CHICAGO—The immune system cancer known as lymphoma can often be cured, but some types remain stubbornly resistant to treatment. Now researchers have found a drug that appears to help vanquish these lymphomas by targeting their abnormal cell wiring. Tumors shrank in four of 10 advanced lymphoma patients treated with the drug, and one is still in remission more than a year later.

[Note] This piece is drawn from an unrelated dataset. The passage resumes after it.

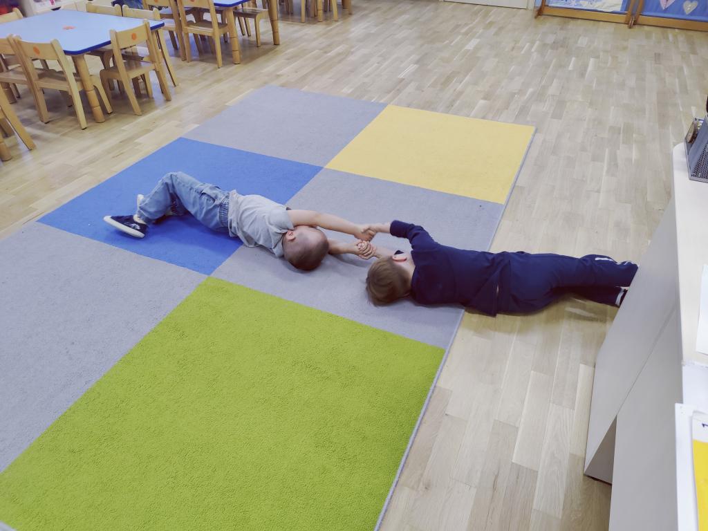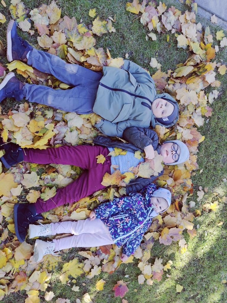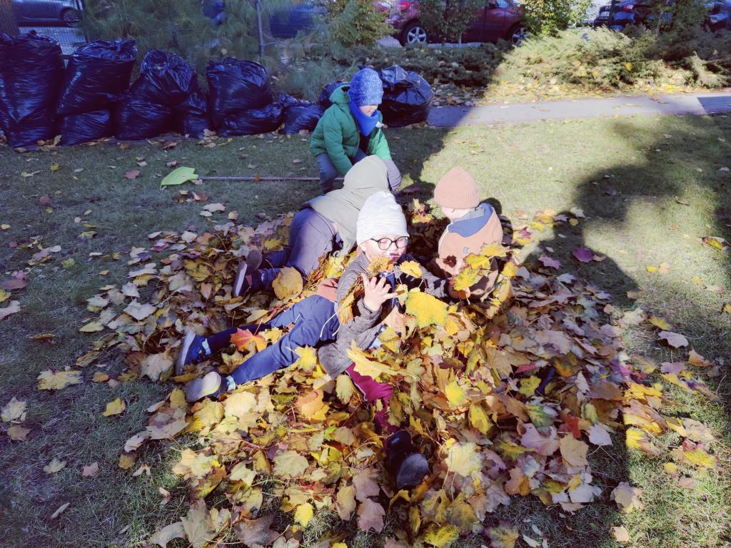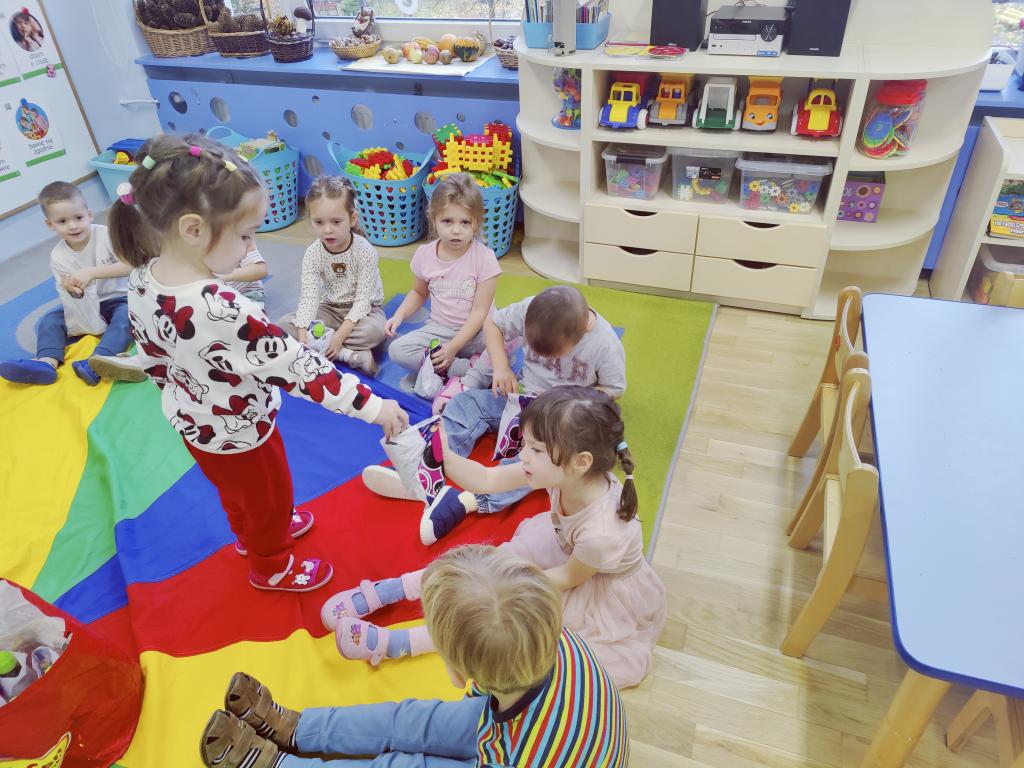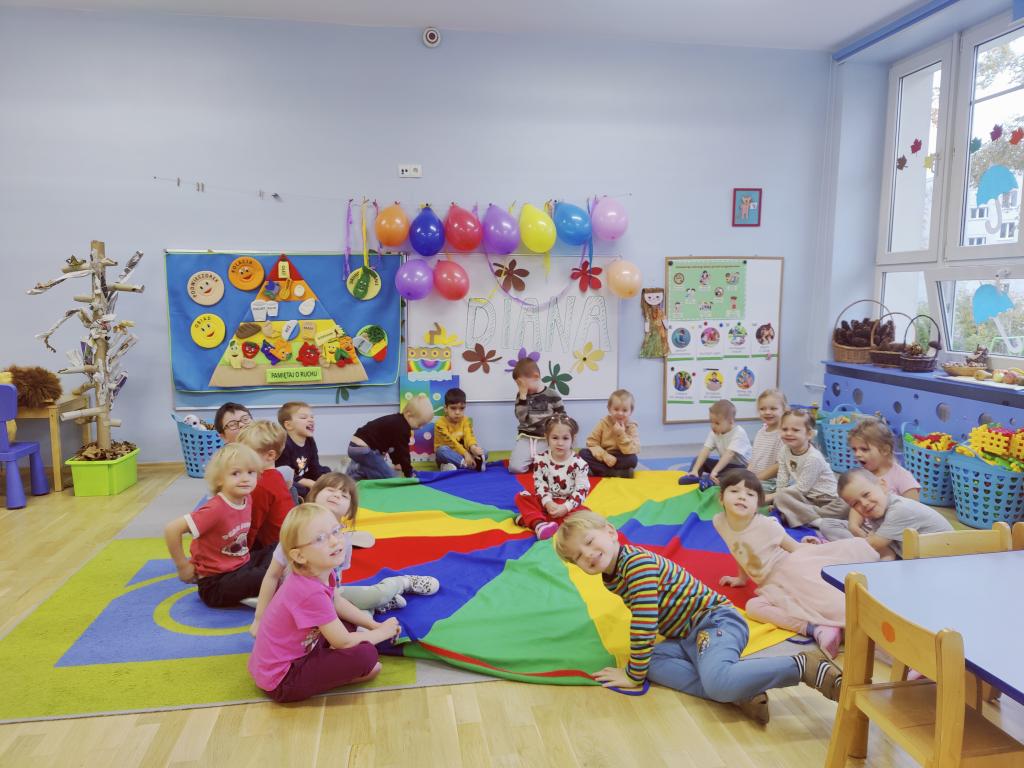 Jesień ukazała w pełni swą urodę, zasypując nasz plac zabaw pięknymi liśćmi, co bardzo nam się podobało. Mogliśmy bowiem w pełni się nimi nacieszyć między innymi przez zabawy polegające na zakopywananiu się w liściach, grabieniu i ich ponownym rozrzucaniu. Ostatni dzień tygodnia powitał nas w deszczowo ale to nic, bo i na to mieliśmy radę ucząc się piosenki pt. „W deszczowym rytmie”. Humor poprawiły nam również dzieci z grupy „Żabki”, ponieważ wraz ze swoją Panią przyniosły nam poczęstunek, w postaci ciasta marchewkowego, któro co do okruszka zostało przez nas zjedzone, trzeba przyznać, że naprawdę im się udało. Także nasza koleżanka świętowała swoje czwarte urodziny i znowu było coś pysznego do zjedzenia, ale najpeierw trzeba było złożyć życzenia, a później wykonać pamiątkowy album.

Diffuse large B-cell lymphoma, which involves immune cells called B cells, is one of the more common and dangerous lymphomas. Each year about 23,000 people in the United States are diagnosed with it, and some 10,000 die annually. Over the past decade, cancer biologist Louis Staudt's team at the National Cancer Institute in Bethesda, Maryland, has analyzed patterns of gene activity within the malignant immune cells to break this cancer into subtypes, including one, activated B-cell-like (ABC) diffuse large B-cell lymphoma, that kills 60% of patients within 3 years. By dissecting the roles of different genes and proteins in the lymphoma cells, Staudt and colleagues have uncovered what appears to go wrong in this cancer: Genetic mutations cause B-cell receptors, proteins on the B cell's surface that normally recognize infections, to send signals into the cell that block a self-destruction process that normally helps rid the body of abnormal cells. In lab studies, the lymphoma cells died when treated with an experimental drug called ibrutinib that overrides this anti-suicide signal. The drug blocks a protein called Bruton's tyrosine kinase (BTK) that's part of the B-cell-receptor signaling pathway.
Now in a pilot clinical trial, Staudt's team has found that ibrutinib can help some patients with the ABC lymphoma subtype who had failed other
treatments and were expected to die within months. Of 10 patients who took an ibrutinib pill daily, tumors shrank or disappeared in four. While two
relapsed within a few months, one is still in remission after 16 months. The fourth patient's tumor stabilized enough that he could have all his B
cells wiped out with a chemotherapy drug and replaced with new, noncancerous ones by a bone marrow transplant. Several patients in a larger, ongoing
trial have also responded to the drug, which is being developed by Pharmacyclics Inc. in Sunnyvale, California, and Janssen Research and Development,
LLC, in Horsham, Pennsylvania. (Pharmacyclics is sponsoring the trial.)
Surprisingly, Staudt says, only two of the responding patients in the pilot trial had the expected mutations in the B-cell receptor. That suggests to him that either there are more mutations to be discovered, or else the pathway is overactive for some other reason. For now, what matters "is that there's a new pathway for which there is a targeted therapy in which people are showing remission in a very aggressive lymphoma," says Staudt, who reported on the pilot study here Sunday at the annual meeting of the American Association for Cancer Research. The next step, he says, is to test the drug in combination with conventional chemotherapy.
Oncologist Jonathan Licht of Northwestern University Feinberg School of Medicine in Chicago, Illinois, says targeting the B-cell-receptor pathway could be important not just for lymphoma but for several other cancers for which ibrutinib is also being tested in trials. But one challenge will be to show that the inhibitors are actually blocking the BTK protein and not working through some other mechanism. "It's very promising," he says, "but it remains to be shown whether these drugs are hitting their target."